_BRIEF_.
Given the records underneath, please repeat exactly the lines from the line with "Black Sport Standard" through the line with "Figure 7: Riparian strip at Begerpang Estate", passing over any picture.

▼

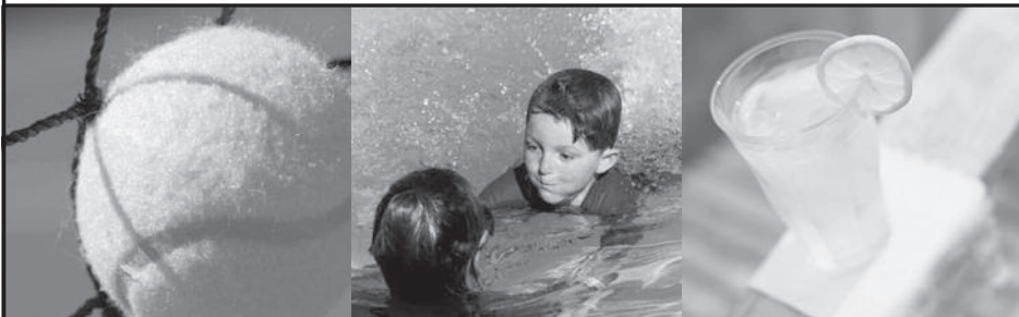
Our Idea of Networking
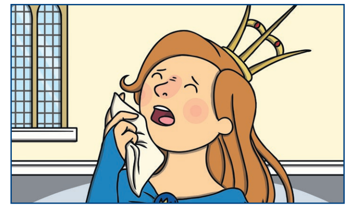
The queen says "achoo, achoo!" Be quiet, queen! The poor queen is sick.
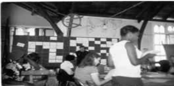
Figure 7. Generating and clustering ideas
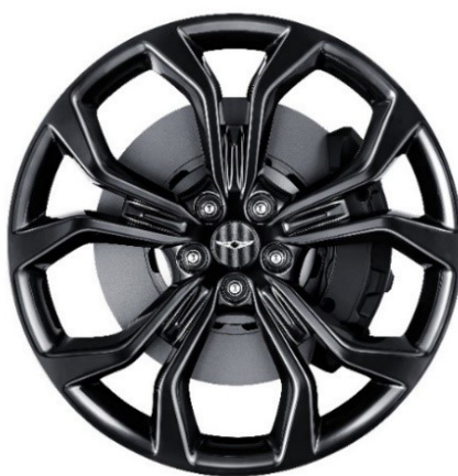
22" Alloy Black Sport Standard
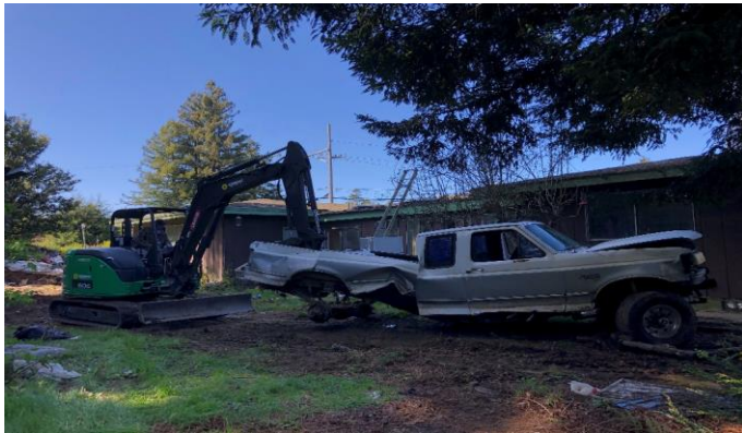
Moved Ford pick up to the side yard for towing.
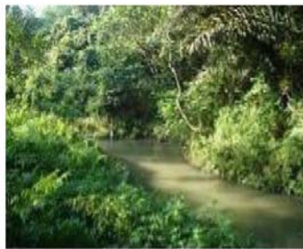
Figure 7: Riparian strip at Begerpang Estate

Training for awareness and understanding of HCV areas was conducted internally in 2006. The same year, CSIRO was co-opted to develop a model for managing the riparian strips. In 2008, WWF Indonesia was invited to train the estate managers on identification of Flora and Fauna. The maps of HCV were formally issued by BLRS (Bah Lias Research Station) in 2008, complete with the types of HCVs and GPS points. Despite Lonsum cultivating its plantations for >100 years, the fact that some HCV areas are still found is testimony to the management's concern for the environment.
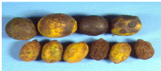
Fruits of butternut and walnut infected with Sirococcus clavigignenti-juglandacearum .

Innes, L. 1998. Sirococcus clavigignenti-juglandacearum on butternut and black walnut fruit. pp 129-132 in G. Laflamme, J.A. Berube, R.C. Hamelin, editors Foliage, shoot and stem diseases . Proceedings of the IUFRO WP 7.02.02 meeting, Quebec City, May 25-31, 1997. Natural Resources Canada, Canadian Forest Service, Sainte-Foy, Quebec. Info.Rep. No. LAU-X-122.
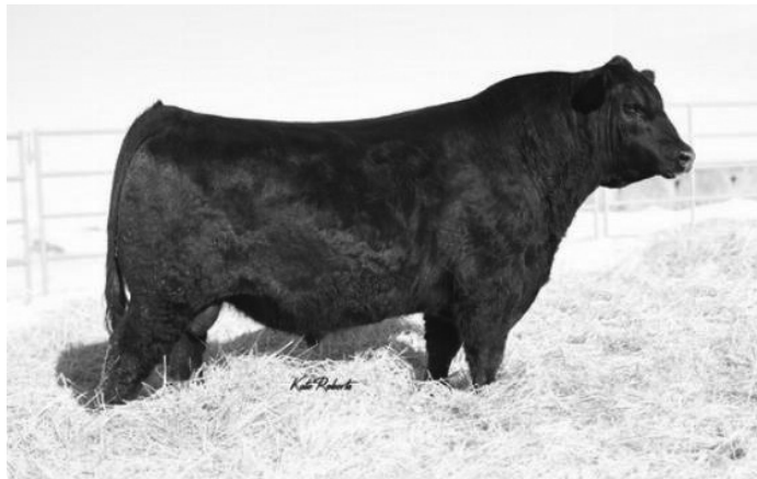
Basin Payweight Plus 6048 | Reg: 18511911
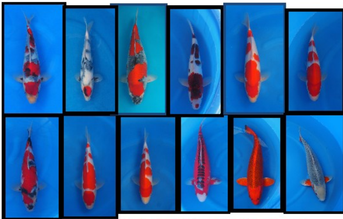
Small Sample of the Fish in the Mud Ponds!

"Sekiguchi", "Hosakin", "Marudo", "Ogowa", "Koda", "Marusaka", "Miyatora", "Maruju", "Marusei" & MORE!
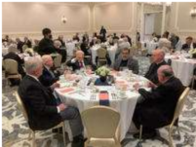
October 15, 2021
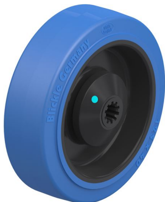
Wheel used POEV 125/10KAD-SB
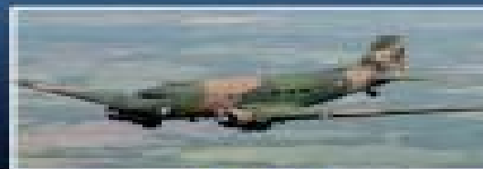
AC-47 THE FIRST GUNSHIP
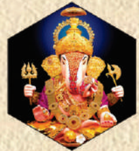
Dagdusheth Halwai Ganapati, Pune
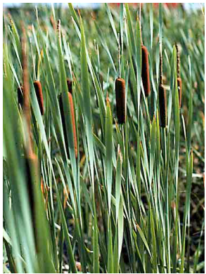
36 Typha domingensis TYPHACEAE
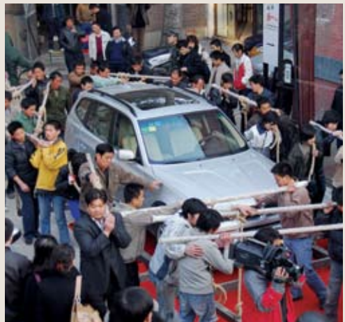
Sui Jianguo, Horizontal Movement—50 Metres , 2006, performance.

Sui Jianguo now says he is increasingly drawn to themes dealing with time. Having spent all these decades with sculptural monuments, he appears thoroughly disillusioned by the hollowness of the grand gesture. His own projects clearly repudiate claims to historical destiny; in reverting to the uncertainty of the working process, the artist gives priority to the contingency of the moment. It is the meaning of “living,” not the meaning of “life,” that confronts a person every day; it is by the continuous effort of taking stock of time past, reordering and rediscovering memory, that life is made meaningful. As a sculptor who has arrived at the pinnacle of the official art establishment,

▲

_WRITTEN REPLY_.
22" Alloy Black Sport Standard
Moved Ford pick up to the side yard for towing.
Figure 7: Riparian strip at Begerpang Estate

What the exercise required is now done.